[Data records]
=======
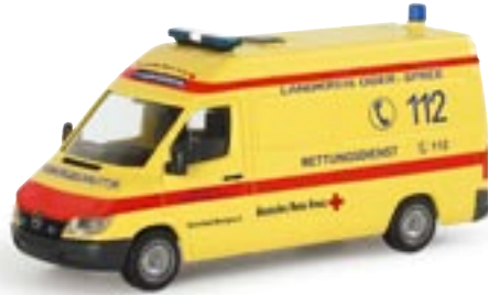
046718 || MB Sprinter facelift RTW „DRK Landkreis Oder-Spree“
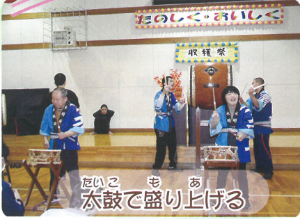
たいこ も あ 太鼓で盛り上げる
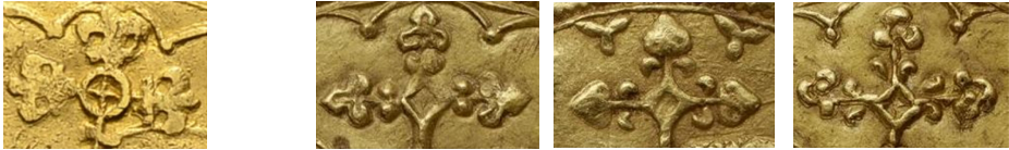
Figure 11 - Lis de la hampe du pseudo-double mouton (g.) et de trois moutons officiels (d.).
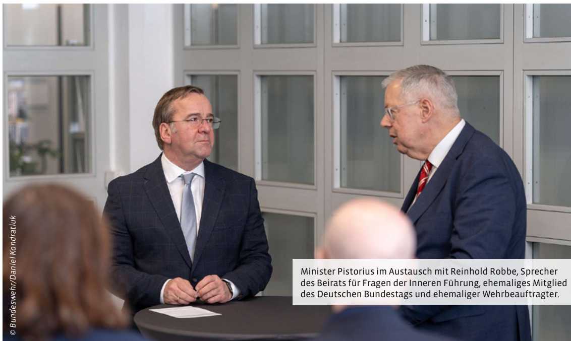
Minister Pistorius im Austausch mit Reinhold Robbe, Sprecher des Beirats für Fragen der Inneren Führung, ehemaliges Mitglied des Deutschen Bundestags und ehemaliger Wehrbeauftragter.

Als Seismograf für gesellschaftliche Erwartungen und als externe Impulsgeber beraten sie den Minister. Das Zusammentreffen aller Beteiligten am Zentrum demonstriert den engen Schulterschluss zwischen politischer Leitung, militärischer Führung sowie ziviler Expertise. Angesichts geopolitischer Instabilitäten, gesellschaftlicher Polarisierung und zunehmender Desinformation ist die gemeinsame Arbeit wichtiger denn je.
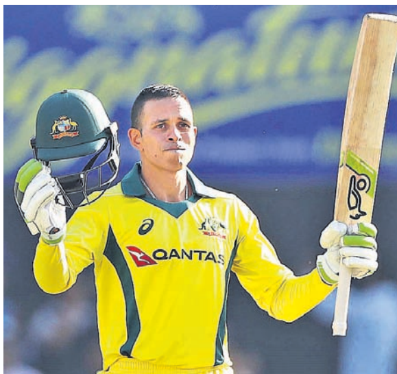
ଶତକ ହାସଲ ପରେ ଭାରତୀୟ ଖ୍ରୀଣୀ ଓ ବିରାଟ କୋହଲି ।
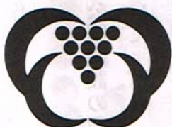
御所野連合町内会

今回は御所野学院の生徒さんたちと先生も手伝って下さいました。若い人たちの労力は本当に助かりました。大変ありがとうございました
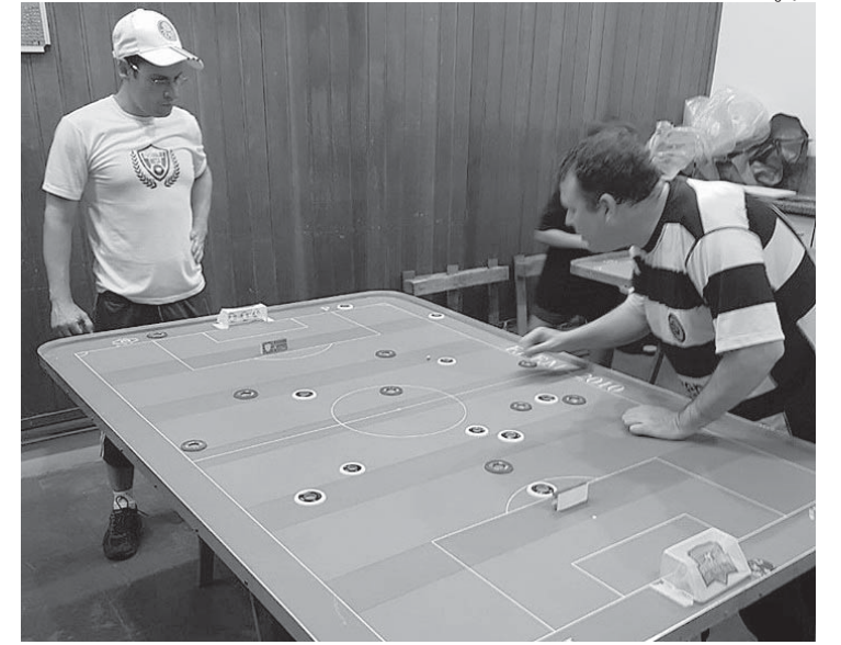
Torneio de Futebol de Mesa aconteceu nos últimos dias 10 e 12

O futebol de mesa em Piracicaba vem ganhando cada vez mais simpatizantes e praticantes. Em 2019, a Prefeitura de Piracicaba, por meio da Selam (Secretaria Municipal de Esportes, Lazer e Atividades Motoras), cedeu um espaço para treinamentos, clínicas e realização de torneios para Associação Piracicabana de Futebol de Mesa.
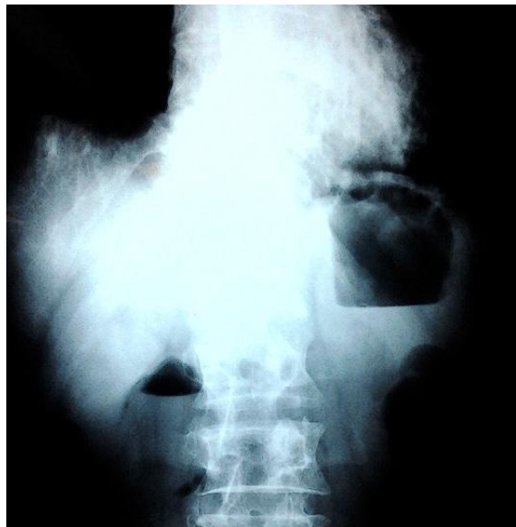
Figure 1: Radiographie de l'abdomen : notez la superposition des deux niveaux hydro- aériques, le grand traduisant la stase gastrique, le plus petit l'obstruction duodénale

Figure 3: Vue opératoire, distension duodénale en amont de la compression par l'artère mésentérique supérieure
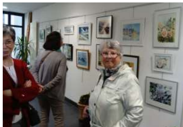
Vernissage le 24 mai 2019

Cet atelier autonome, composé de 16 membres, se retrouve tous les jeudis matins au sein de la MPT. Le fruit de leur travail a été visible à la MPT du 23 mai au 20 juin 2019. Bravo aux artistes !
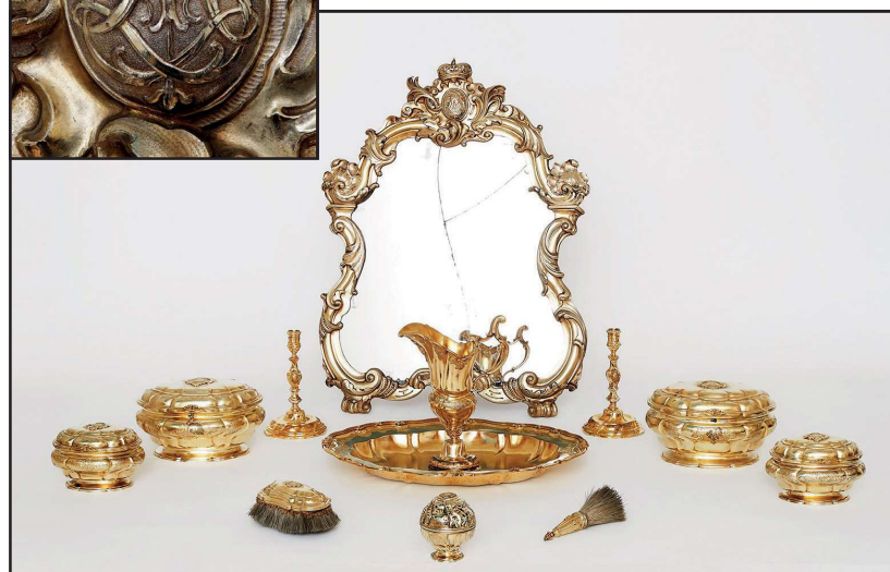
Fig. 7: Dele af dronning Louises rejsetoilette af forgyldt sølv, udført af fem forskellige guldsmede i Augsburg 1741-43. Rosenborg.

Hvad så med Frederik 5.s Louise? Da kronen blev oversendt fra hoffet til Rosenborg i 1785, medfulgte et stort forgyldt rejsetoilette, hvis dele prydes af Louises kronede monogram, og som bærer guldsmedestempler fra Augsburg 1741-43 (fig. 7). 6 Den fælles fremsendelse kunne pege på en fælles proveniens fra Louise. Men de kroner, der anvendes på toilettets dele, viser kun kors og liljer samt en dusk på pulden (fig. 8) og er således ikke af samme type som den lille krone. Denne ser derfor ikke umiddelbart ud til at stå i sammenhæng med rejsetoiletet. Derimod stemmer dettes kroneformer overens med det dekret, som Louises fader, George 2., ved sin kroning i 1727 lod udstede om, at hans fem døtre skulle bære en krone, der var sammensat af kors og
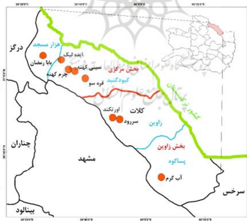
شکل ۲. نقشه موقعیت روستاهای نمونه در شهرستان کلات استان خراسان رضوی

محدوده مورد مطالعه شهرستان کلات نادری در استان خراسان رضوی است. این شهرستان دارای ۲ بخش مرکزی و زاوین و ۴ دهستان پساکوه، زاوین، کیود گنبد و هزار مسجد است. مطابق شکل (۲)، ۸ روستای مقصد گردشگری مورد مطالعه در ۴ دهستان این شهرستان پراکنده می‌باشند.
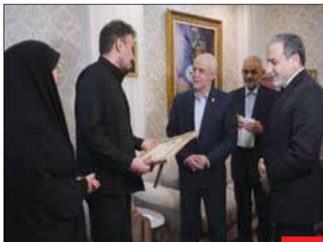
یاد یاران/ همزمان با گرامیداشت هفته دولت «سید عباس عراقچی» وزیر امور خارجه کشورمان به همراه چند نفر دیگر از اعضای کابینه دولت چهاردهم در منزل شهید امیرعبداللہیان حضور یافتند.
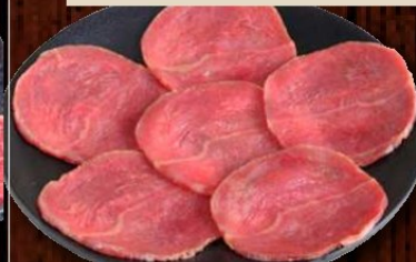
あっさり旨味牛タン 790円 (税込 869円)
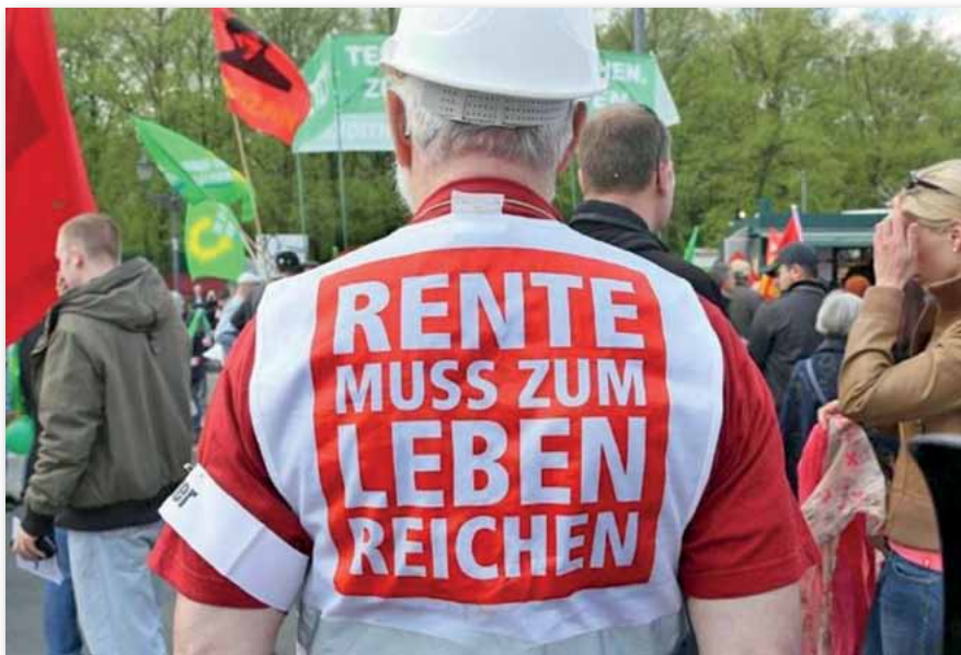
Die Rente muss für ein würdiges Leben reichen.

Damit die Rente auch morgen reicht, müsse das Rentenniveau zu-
=======
* **What is needed**
Output exactly, and only, the lines of the entries above from the one with "ଶତକ ହାସଲ ପରେ ଭାରତୀୟ ଖ୍ରୀଣୀ ଓ ବିରାଟ କୋହଲି ।" up to and including the one with "Figure 1: Radiographie"; pictures are to be left out.

* **Response to this exercise**
ଶତକ ହାସଲ ପରେ ଭାରତୀୟ ଖ୍ରୀଣୀ ଓ ବିରାଟ କୋହଲି ।
御所野連合町内会

今回は御所野学院の生徒さんたちと先生も手伝って下さいました。若い人たちの労力は本当に助かりました。大変ありがとうございました
Torneio de Futebol de Mesa aconteceu nos últimos dias 10 e 12

O futebol de mesa em Piracicaba vem ganhando cada vez mais simpatizantes e praticantes. Em 2019, a Prefeitura de Piracicaba, por meio da Selam (Secretaria Municipal de Esportes, Lazer e Atividades Motoras), cedeu um espaço para treinamentos, clínicas e realização de torneios para Associação Piracicabana de Futebol de Mesa.
Figure 1: Radiographie de l'abdomen : notez la superposition des deux niveaux hydro- aériques, le grand traduisant la stase gastrique, le plus petit l'obstruction duodénale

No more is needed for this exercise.